**Entries taken from a collection:**
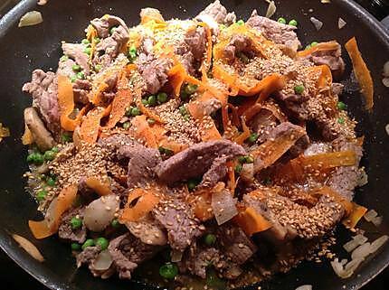 Dans un grand wok, faites fondre l'oignon et l'ail dans de l'huile de sésame sans les faire colorer. Augmentez le feu, puis ajoutez les lamelles de bœuf. Faites les revenir à feu vif très rapidement, puis ajoutez les champignons et les carottes, ensuite les petits pois.
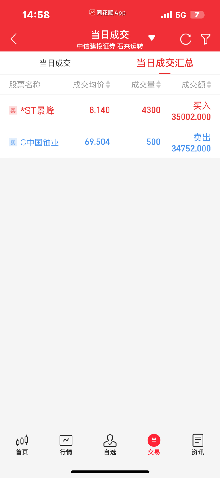 $*ST景峰(SZ000908)$ 增持公告:今天卖出中签中国铀业(001280)的500股,所获资金全部用于增持景峰医药共4300股。特此声明
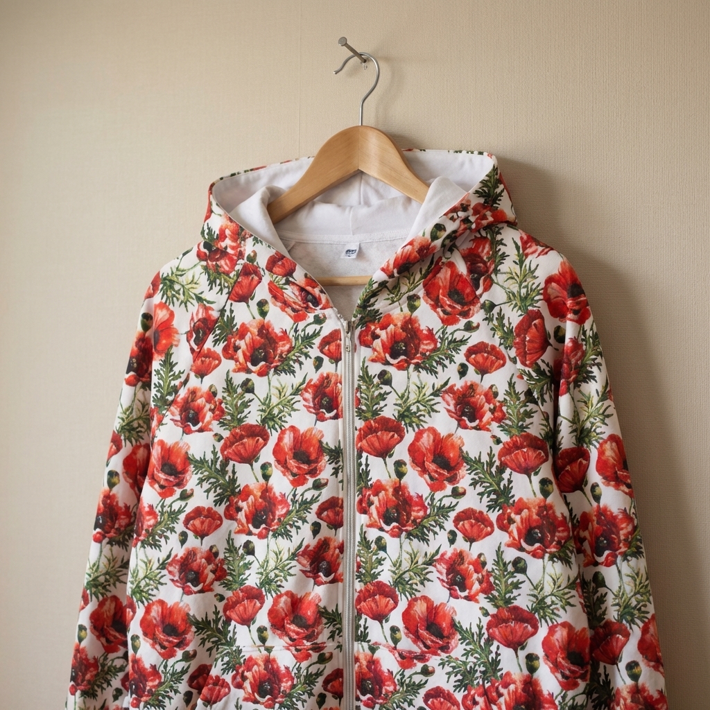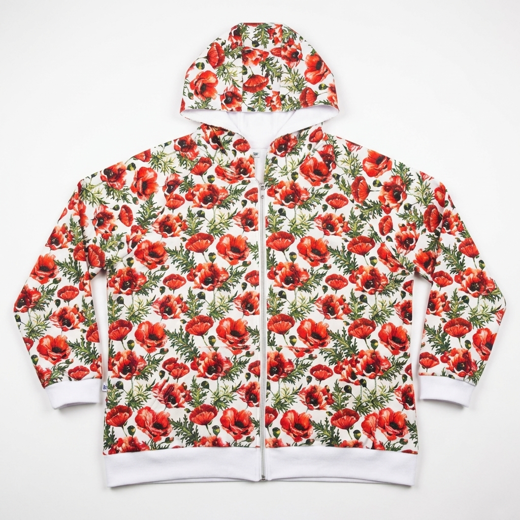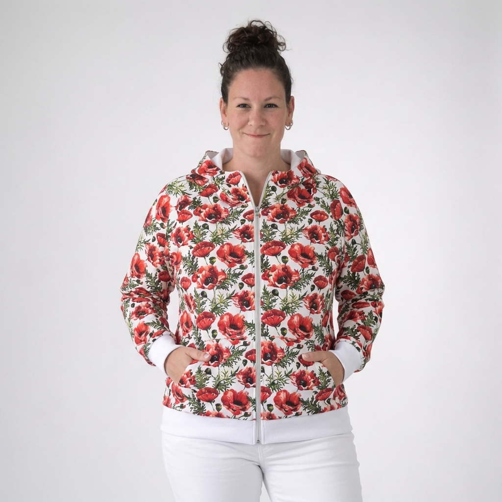 Dámská mikina na zip s kapucí se širokou paletou okouzlujících máků
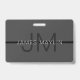Tarjeta De Identificación Estiloso nombre gris oscuro masculino y monograma
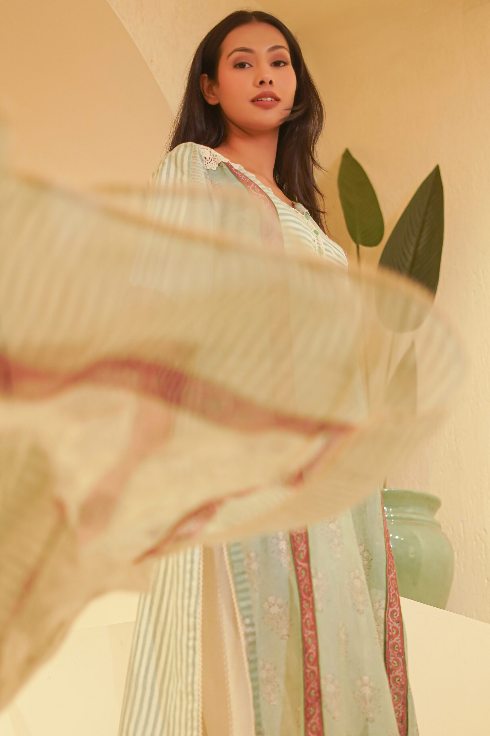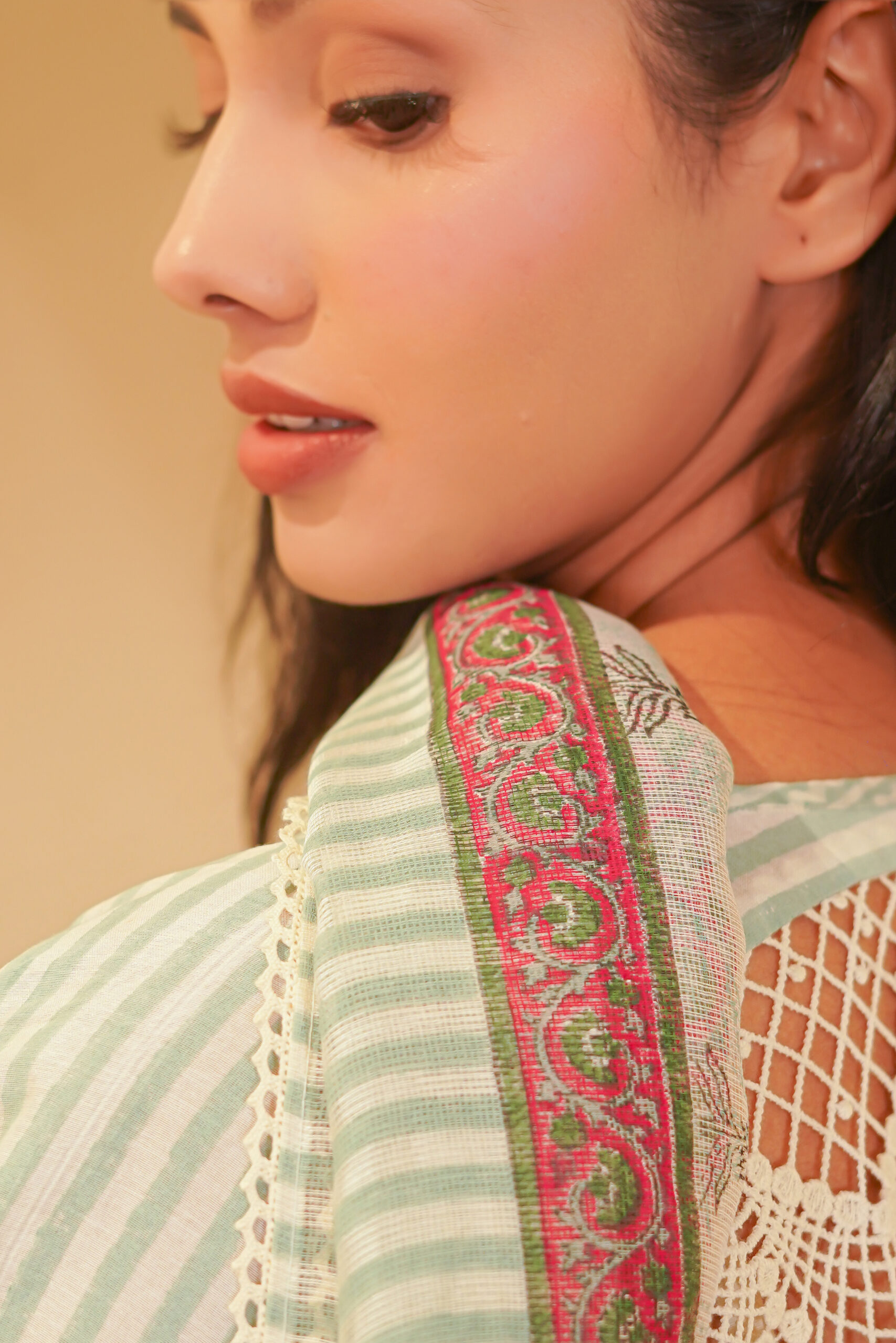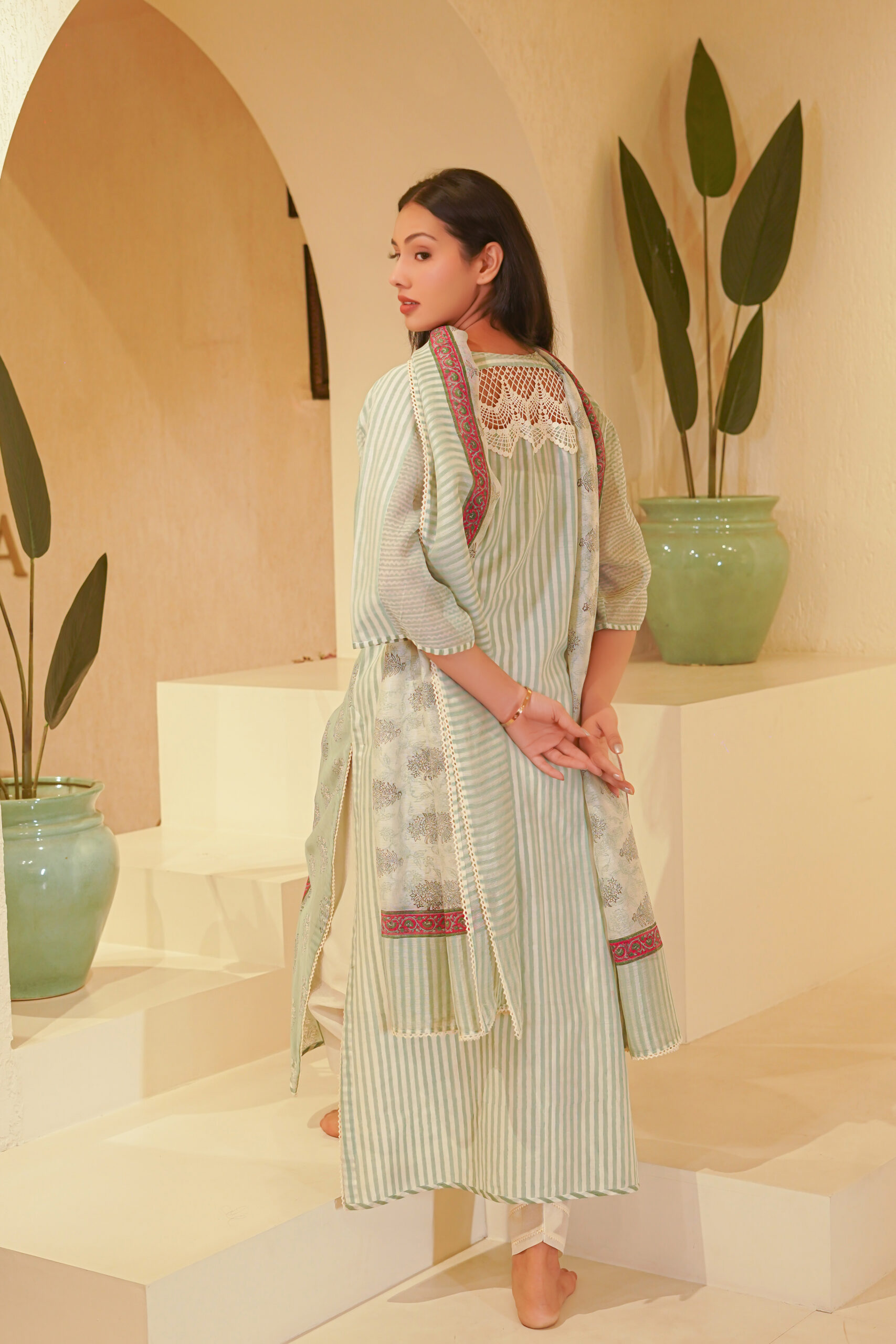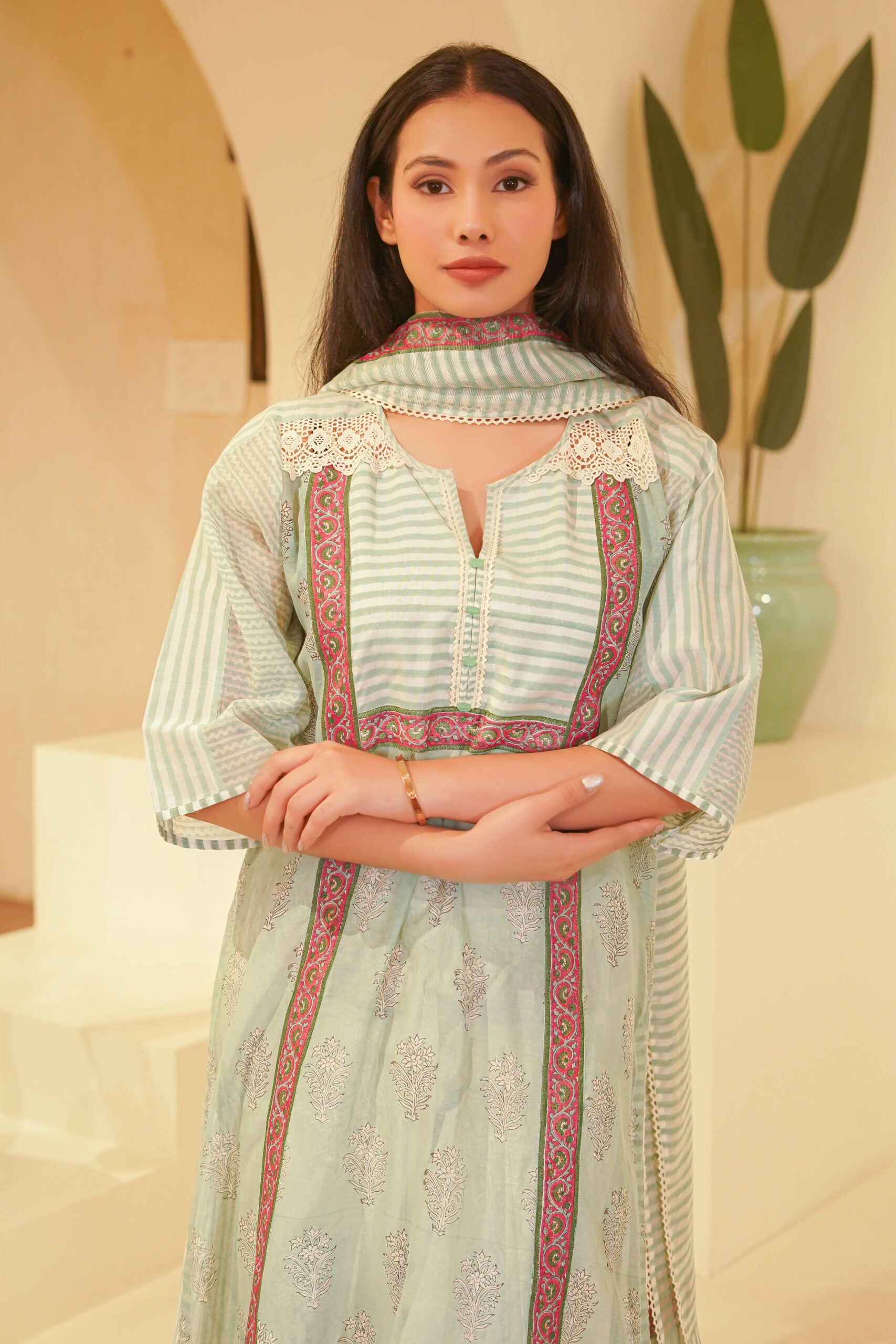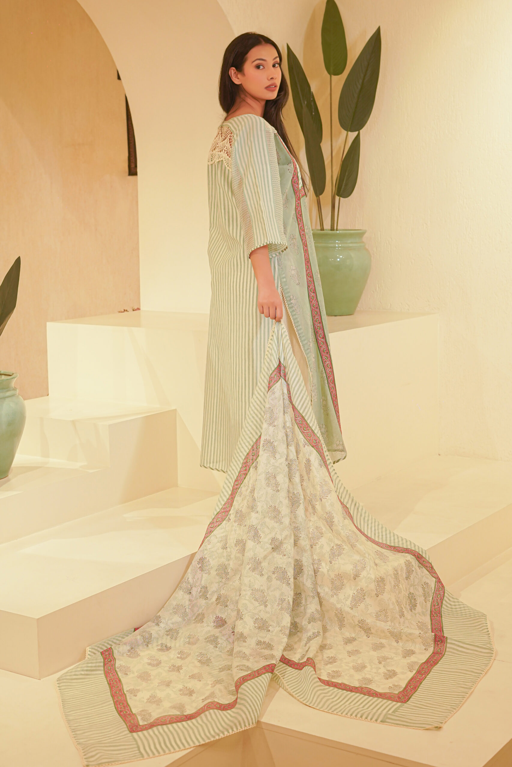 - Hand block print and lace details.

**What to do:** Copy exactly the lines that run from the one containing "Dámská mikina na" to the last line of the records, both included, and leave out every picture.

**Response:**
 Dámská mikina na zip s kapucí se širokou paletou okouzlujících máků
Tarjeta De Identificación Estiloso nombre gris oscuro masculino y monograma
 - Hand block print and lace details.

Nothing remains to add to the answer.